Great article. Thanks.
posted by evil_esto at 9:27 PM on December 5, 2008

These are exactly the kinds of solution we need to the "war on terror" if "victory" is to mean anything except all the bad guys being dead.
posted by kaspen at 9:57 PM on December 5, 2008

This reminds me a bit of how my university is working on gentrifying our neighborhood here. TU is located on the edge of the bad part of town, and to the immediate west of campus is a fairly low-income neighborhood. TU's response to that has been to build imposing black metal fences around everything on campus, making it impossible to take shortcuts anywhere, sometimes even on-campus. It gives everything a very stifled, compound feel, like we are in a war zone or something. They also make a habit of building multiple vehicle and pedestrian exits for a parking lot, but usually close the most convenient ones after a few months of allowing us to get used to them.

They also installed a weird PA system all over campus "for emergencies," but that only gets used to wake me up every Wednesday to run a repetitive test of the system.
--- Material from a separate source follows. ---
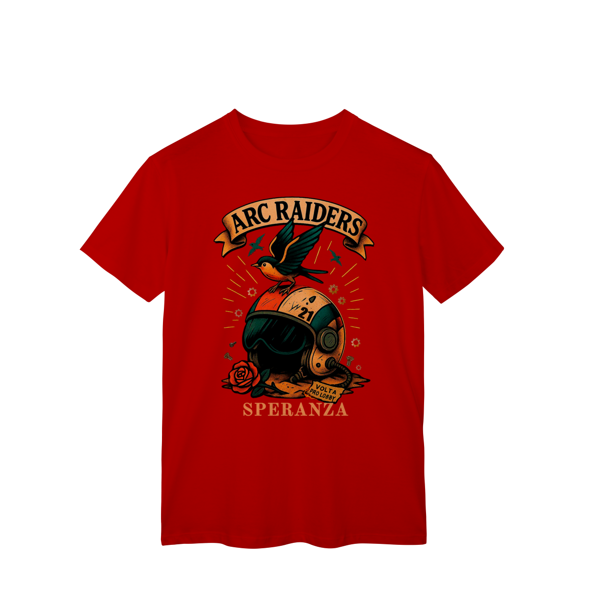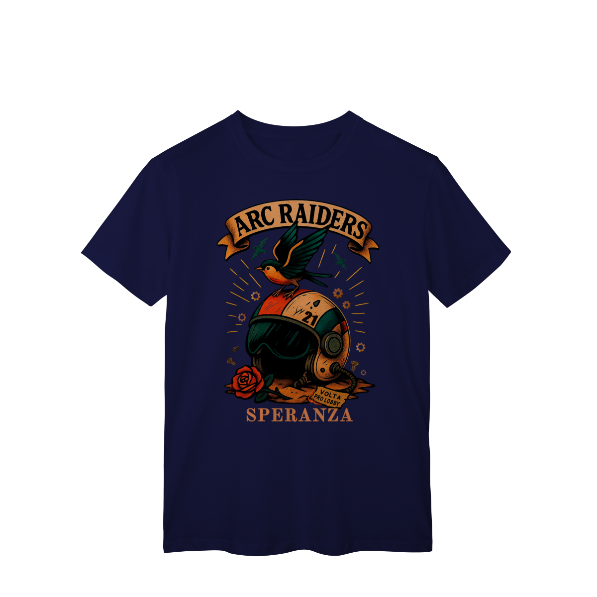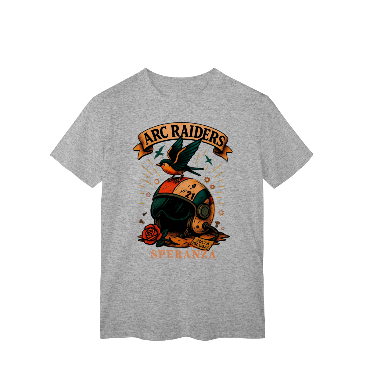 Camiseta Raiders 21 – Volta Pro Lobby Prepare-se para o respawn com estilo. A Camiseta Raiders 21 é inspirada no espírito dos jogadores que nunca desistem — aqueles que sempre voltam pro lobby prontos pra mais uma rodada. Com arte exclusiva no estilo retrô sci-fi, ela traz o emblema dos ARC Raiders, um símbolo de coragem, liberdade e esperança (Speranza). Perfeita para quem joga, coleciona ou simplesmente vive o universo geek.
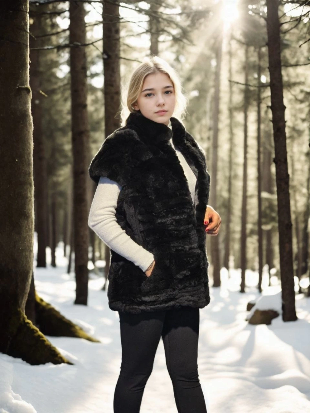 Kadın Kolsuz Hakiki Kürk - Siyah

I guess what I am saying is that I am experiencing the ultra-first-world fuck-the-underprivileged version of this kind of thing here in Oklahoma.
posted by aliceinreality at 11:35 PM on December 5, 2008

This is exactly why we need, as part of an Obama New Deal, a government-funded series of work projects aimed at cleaning up neighborhoods and cities. We just lost 1million + jobs this year? Put those people to work picking up trash, planting trees, painting walls, renovating buildings, fixing broken windows, cleaning public transportation, building low-income homes, building playgrounds, cleaning public parks, whatever. Pay them a living wage, give them government employee healthcare, and fully funded educations at local community colleges and/or heavily discounted educations at state universities. Raise the money through higher corporate taxes, financial disincentives for outsourcing, stiff penalties for any and all labor, environmental, or other business-related shenannigins, and, of course, the money we'll save when we get the fuck out of Iraq.
posted by Saxon Kane at 11:52 PM on December 5, 2008 [1 favorite]

Great TomDispatch link, homunculus. Thanks.